Анечка была более конкретна. Ей хотелось получить заказ на фотосъемку, который дал бы ей возможность зарабатывать любимым делом. А еще она хотела наконец встретить будущего отца своих детей.
– Ну, ты быстро! – заметила Инка. – Едва развестись успела – и уже снова хочешь замуж?
– Я никогда и не прекращала этого хотеть, – хихикнула Анечка.
– А не боишься встретить очередного Вадима, родишь ему ребенка, а потом взвоешь от безысходности? – Инка напустила на себя вид коварной пифии.
– Я, конечно, иногда чувствую себя в душе блондинкой, но не до такой же степени!
– Инопланетянка права, – вмешалась Ася. – Ты уже забыла свои приключения с тетрадью? Она исполняет желания буквально – так, как вы их сформулировали. Помнишь, ты хотела похудеть и в результате потеряла аппетит? Получила то, чего вроде бы и не заказывала. Хочешь повторения? Ты хоть завтра можешь забеременеть, но вдруг владелец этого семени не сделает тебя счастливой?
– Гм… – Анечка помрачнела и вцепилась в страницу Золотой тетради, готовая ее вырвать. – И что вы предлагаете?
– Больше четкости, дорогая. Например, попробуй, конкретно описать – какого мужчину хочешь встретить?
– Как можно более конкретно, – вздохнула Инка, – иначе пойдешь по моим следам. Когда-то я пожелала человека, похожего на меня. Теперь мечтаю от него избавиться.
Я промолчала, потому что в моей голове крутился тот же вопрос – смогу ли я сейчас с ходу сказать, какой человек мне нужен? Кто, если не Тим? Каких особенностей, нюансов и душевных родинок не хватает моему мужу, чтобы я была с ним счастлива? И смогу ли я быть с ним счастлива, когда закончится эпопея с Настасьей?
Анечка тем временем застрочила в тетради. Список пожеланий к кандидату в избранники и будущие отцы выходил не маленький.
Инкины мечты на сей раз вышли скромнее и конкретнее. Первой строчкой она поведала Вселенной, что хочет соблазнить Эдуарда. Второй – о том, что хочет снова ощущать себя свободной.
– Смотри из окна не выпади, – на сей раз достала шпильки Анечка. – Ощутишь себя свободной сразу от всего.
– Ну нет, настоящая свобода бывает только там, где нет страха. Свобода и страх – вещи противоположные по своей сути. Так же, как страх и любовь.
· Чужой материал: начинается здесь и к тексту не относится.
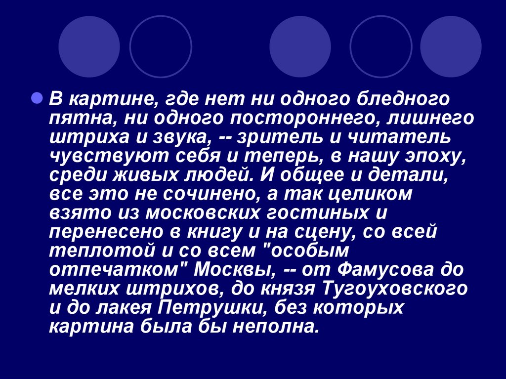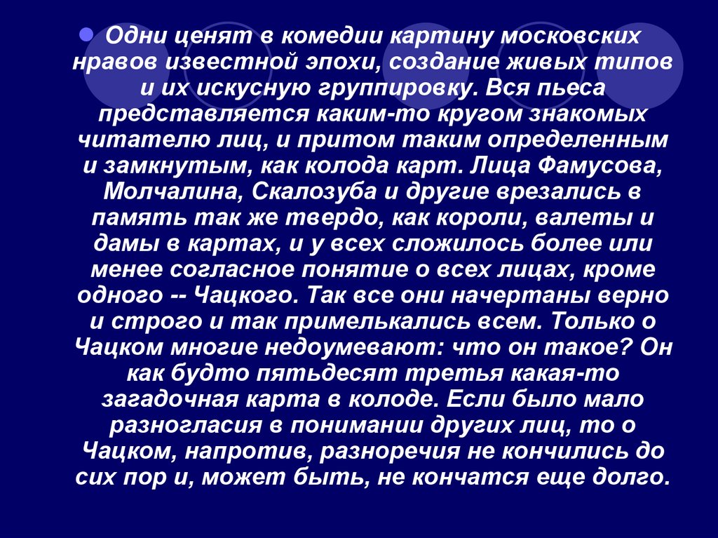 Одни ценят в комедии картину московскихнравов известной эпохи, создание живых типов

А я хочу снова чувствовать то самое настоящее, что у меня было.
Мы знали, о чем она говорит. Нам всем было знакомо это чувство. Память разрезает ножом декорации, и из щели тянет свежим, пусть порой и чересчур свежим, даже холодноватым воздухом и запахами полыни, гашиша, березовой ночи, хвойного леса, кострового дыма и всего того, что скрывается за зыбким словом «свобода».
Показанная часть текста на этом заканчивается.